● **Your instructions**
I need the lines below from the one with "Roof window to" down to the one with "Сборщик JX1 может" reproduced exactly, both ends included, and nothing else.

● **Material provided**
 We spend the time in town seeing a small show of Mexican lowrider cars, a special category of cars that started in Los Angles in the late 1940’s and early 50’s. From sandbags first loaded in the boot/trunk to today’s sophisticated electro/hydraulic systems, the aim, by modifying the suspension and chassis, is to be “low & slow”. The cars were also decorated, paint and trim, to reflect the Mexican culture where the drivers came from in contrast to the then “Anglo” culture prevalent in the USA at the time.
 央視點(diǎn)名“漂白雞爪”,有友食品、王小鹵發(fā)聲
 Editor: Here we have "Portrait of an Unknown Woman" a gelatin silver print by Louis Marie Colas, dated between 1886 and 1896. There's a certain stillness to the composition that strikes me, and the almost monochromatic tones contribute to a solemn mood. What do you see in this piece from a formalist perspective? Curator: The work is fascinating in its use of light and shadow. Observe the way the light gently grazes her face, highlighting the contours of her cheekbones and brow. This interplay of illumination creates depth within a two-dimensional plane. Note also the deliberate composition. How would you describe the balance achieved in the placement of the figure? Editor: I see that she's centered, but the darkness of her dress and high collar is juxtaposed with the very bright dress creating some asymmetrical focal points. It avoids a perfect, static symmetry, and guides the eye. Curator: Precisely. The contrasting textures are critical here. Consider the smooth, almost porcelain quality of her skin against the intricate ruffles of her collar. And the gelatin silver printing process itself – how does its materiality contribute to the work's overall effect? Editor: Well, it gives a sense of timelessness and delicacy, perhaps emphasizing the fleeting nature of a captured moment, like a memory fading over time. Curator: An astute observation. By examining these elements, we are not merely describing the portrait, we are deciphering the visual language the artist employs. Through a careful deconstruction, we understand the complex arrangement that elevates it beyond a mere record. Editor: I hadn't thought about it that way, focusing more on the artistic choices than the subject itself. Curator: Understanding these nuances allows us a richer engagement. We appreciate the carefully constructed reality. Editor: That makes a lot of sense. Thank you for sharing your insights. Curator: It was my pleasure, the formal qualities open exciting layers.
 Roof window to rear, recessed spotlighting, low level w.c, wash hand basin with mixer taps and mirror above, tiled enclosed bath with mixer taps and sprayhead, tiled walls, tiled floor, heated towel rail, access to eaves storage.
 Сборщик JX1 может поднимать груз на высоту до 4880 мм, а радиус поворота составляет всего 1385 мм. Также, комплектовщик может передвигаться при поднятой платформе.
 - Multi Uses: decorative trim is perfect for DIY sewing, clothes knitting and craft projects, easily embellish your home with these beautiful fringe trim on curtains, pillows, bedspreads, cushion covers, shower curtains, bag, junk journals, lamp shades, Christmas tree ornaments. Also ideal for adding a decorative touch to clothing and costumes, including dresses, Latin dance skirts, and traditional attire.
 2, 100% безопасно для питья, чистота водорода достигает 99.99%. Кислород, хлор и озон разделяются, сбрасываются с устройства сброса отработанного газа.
==
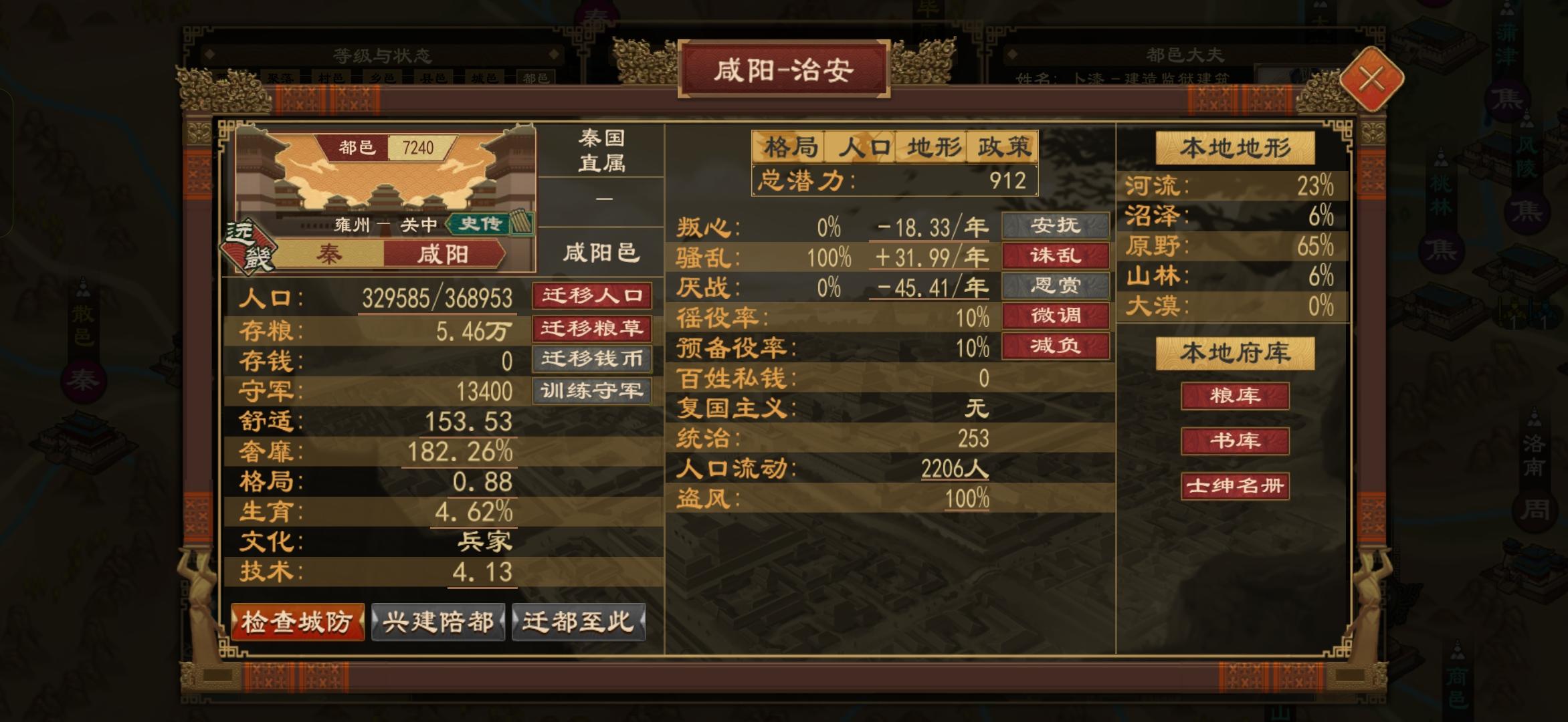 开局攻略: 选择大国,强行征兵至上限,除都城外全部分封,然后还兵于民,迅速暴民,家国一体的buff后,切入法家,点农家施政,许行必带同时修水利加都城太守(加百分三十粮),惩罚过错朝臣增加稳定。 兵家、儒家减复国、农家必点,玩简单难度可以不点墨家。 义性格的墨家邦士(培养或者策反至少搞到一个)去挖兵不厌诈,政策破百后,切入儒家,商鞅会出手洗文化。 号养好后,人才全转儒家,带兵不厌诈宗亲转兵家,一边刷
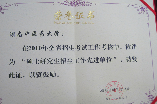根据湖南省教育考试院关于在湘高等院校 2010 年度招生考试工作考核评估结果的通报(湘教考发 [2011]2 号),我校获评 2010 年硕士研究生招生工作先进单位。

● **Completed exercise**
 Roof window to rear, recessed spotlighting, low level w.c, wash hand basin with mixer taps and mirror above, tiled enclosed bath with mixer taps and sprayhead, tiled walls, tiled floor, heated towel rail, access to eaves storage.
 Сборщик JX1 может поднимать груз на высоту до 4880 мм, а радиус поворота составляет всего 1385 мм. Также, комплектовщик может передвигаться при поднятой платформе.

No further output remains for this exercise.